In the case of my sample data, the text I am analyzing *is* either positive or negative. In reality, not everything is, but, in this case....it is :P
Ok, fair enough. I thought that each sample text is a review, when it looks like they are sentences picked from reviews.
Yep, one file is all "positive" reviews and the other is all "negative" reviews. If you read them though, you'd probably suggest not all of them are clearly one way or the other. That's why I like using this set, it's a fairly realistic set that is quite challenging, and maybe even a bit noisy. Good for testing a classifier and it's confidence in scoring.

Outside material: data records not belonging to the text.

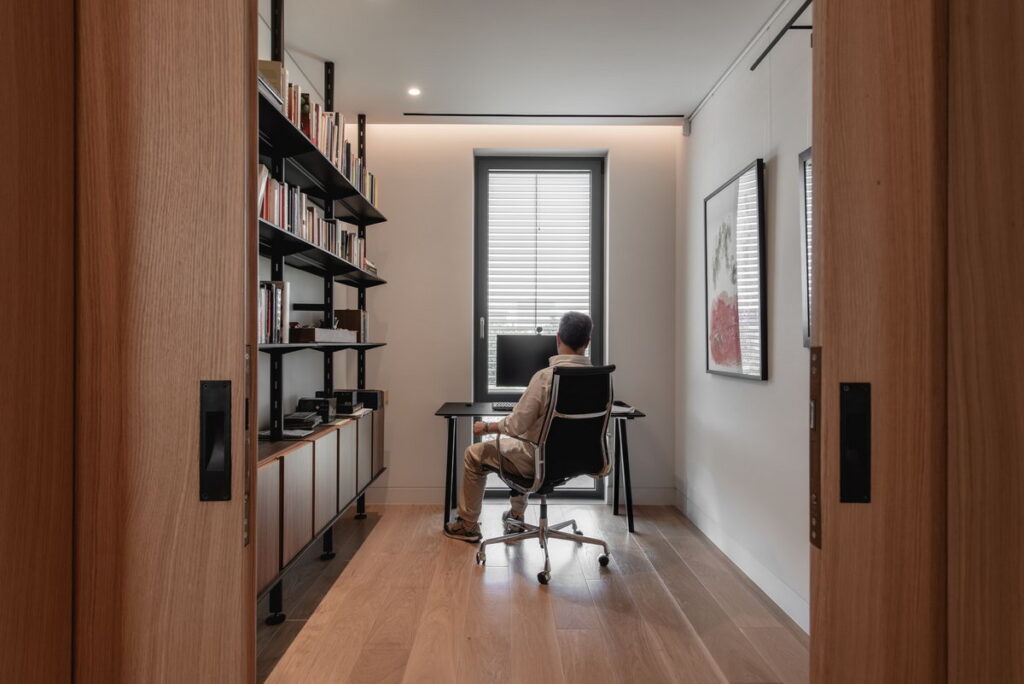 Στους διαδρόμους και τους κοινόχρηστους χώρους, ο διακριτικός αυτός χειρισμός του φωτισμού δημιουργεί μια φυσική ροή που οδηγεί το βλέμμα χωρίς να το κουράζει. Το φυσικό φως που εισέρχεται από τα μεγάλα ανοίγματα συνυπάρχει αρμονικά με τον τεχνητό φωτισμό καθ’ όλη τη διάρκεια της ημέρας, σε έναν συνεχή και ισορροπημένο διάλογο.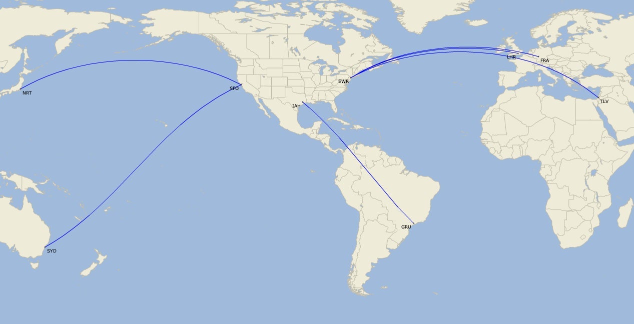 - Newark – Frankfurt (FRA), London Heathrow and Tel Aviv (TLV)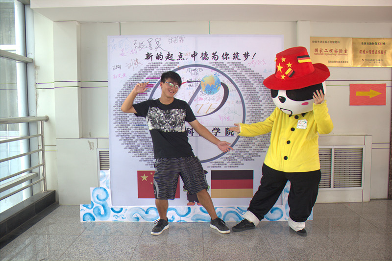 印象中德,微笑留照纪念。学院开展了“梦起中德,扬帆起航”的主题活动,学院在楼前竖立宣传板,宣传历年优秀学子的事迹,激励新生以学长学姐为榜样,树立远大的目标,奋发向上。新生在办理入学手续的同时,在“梦想”启航墙上晒出自己的“梦想”,并与自己的“梦想”合影,明确奋斗目标。“梦想”启航墙是由学院院徽、中德两国国旗、中德吉祥物大福组成,学院院徽四周围绕着无数个小的“CDTF”,象征着学院欢迎每一位新成员的加入。新生在启航墙前与一个憨态可掬的“大熊猫”——大福留念,大福面带微笑,张开双臂欢迎每一位怀揣梦想的新生,让新生感受到来自中德的热情。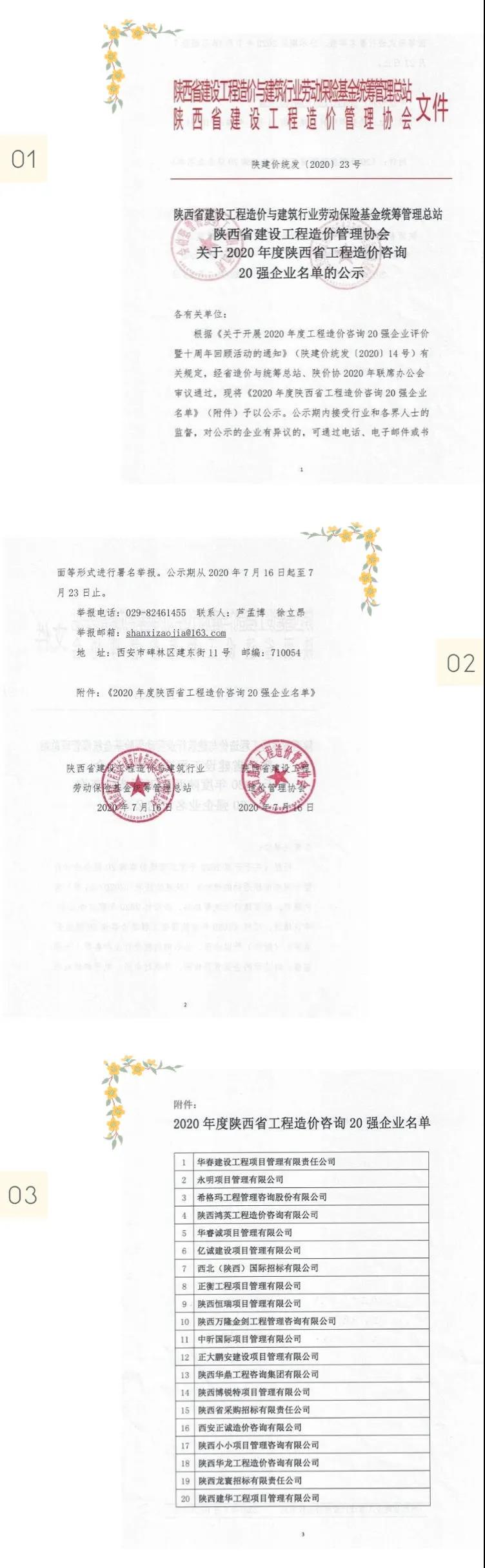2020年7月17日,陜西省建設(shè)工程造價管理協(xié)會(簡稱陜價協(xié))發(fā)布“關(guān)于2020年度陜西省工程造價咨詢20強企業(yè)名單的公示”,西北(陜西)國際招標有限公司再次入圍,榮獲“第七名”。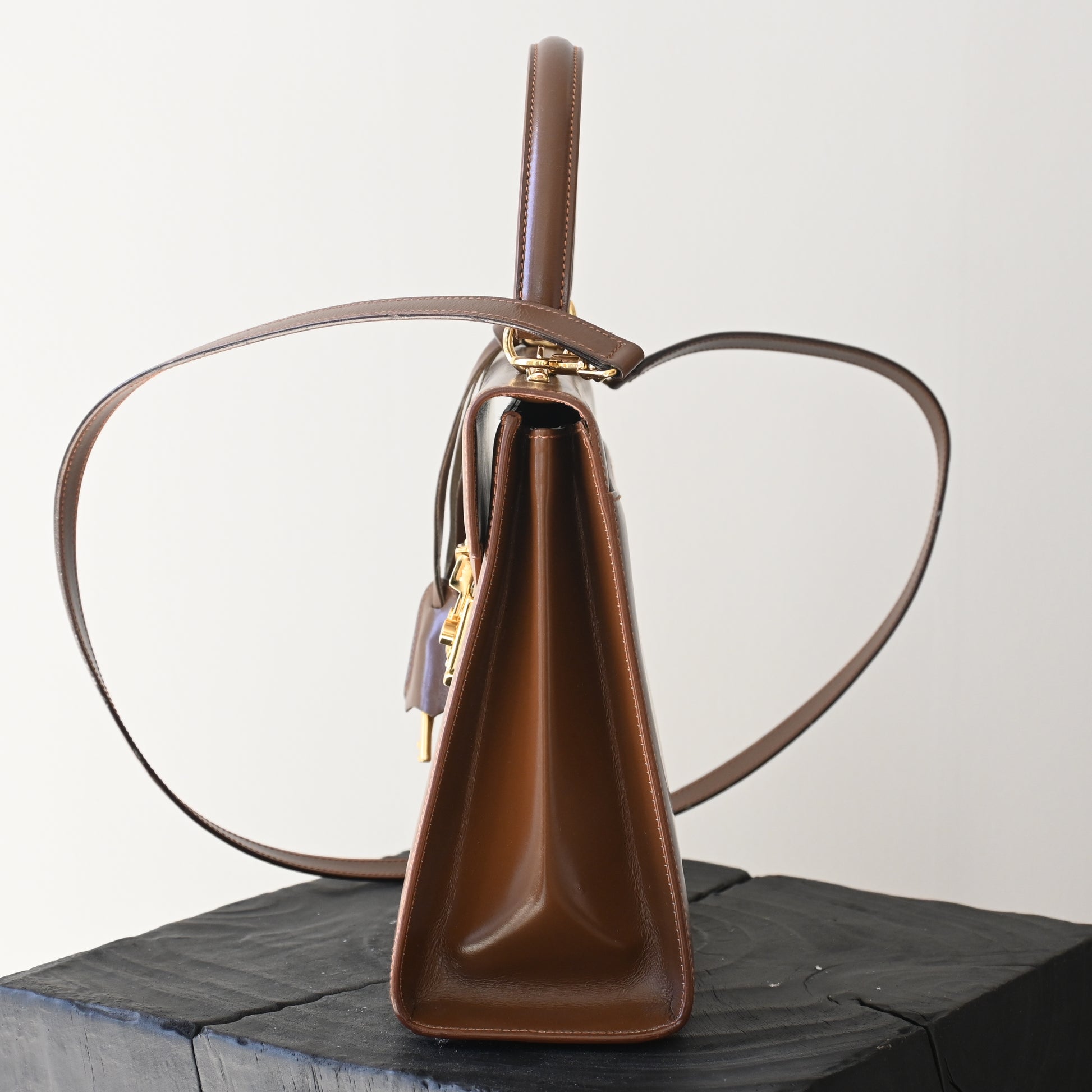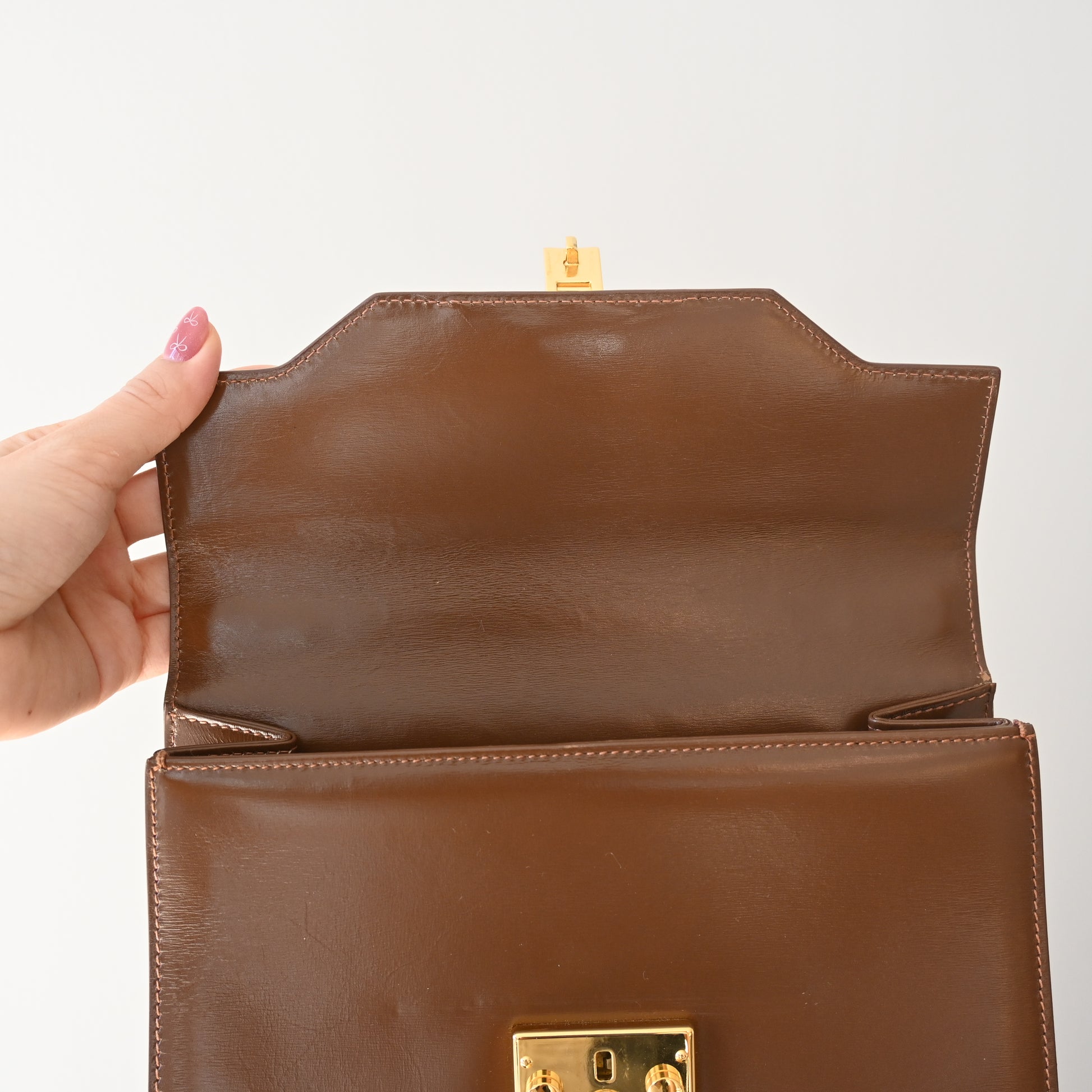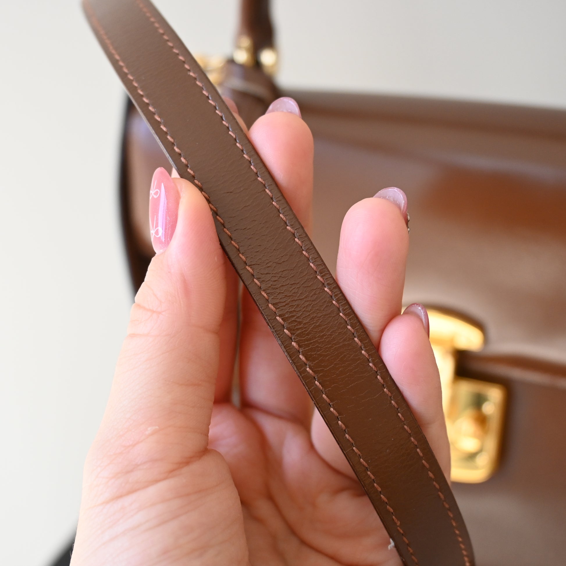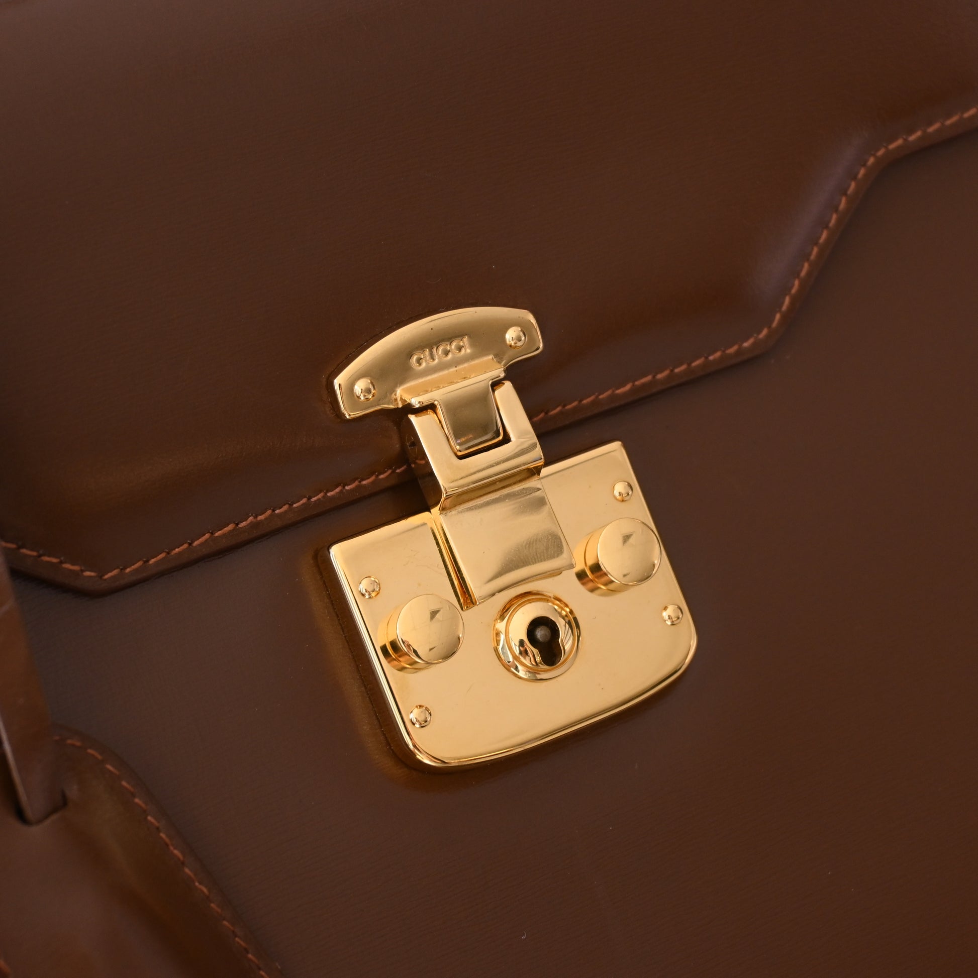 A timeless icon from Gucci’s vintage era, the Old Gucci Lady Lock Kelly Bag embodies classic elegance and refined craftsmanship. Crafted from smooth structured leather in a warm brown tone, this sophisticated silhouette is accented with the signature Lady Lock gold-tone closure for a polished finish.

You made a mistake when using textblob the second time, which is why you kept getting 100% accuracy; it should not be 100% accuracy.
eats shoots and leaves.
dataset original source www.cs.cornell.edu/people/pabo/movie-review-data/
good one bro..if possible make video on raspberry coded with python for camera and it detects the object and send you mail and message in your email
Yes.
Please update the GTA V bot!!!
notification squaaad
You should start by saying what it is all about. Sentiment Analysis in 4 Minutes by Siraj is better video
No thanks.
Thanks for the comparison.
I have used Textblob on call centre data and thought it was ok, but wondered if there were alternatives. I had never heard of Vader, only NLTK. Given Textblob's ability to do sentiment analysis, text classification and tokenisation I think I'll stick to the Blob. BTW it is interesting to use MatplotLib to scatter chart out sentiment vs polarity to see how your test data looks.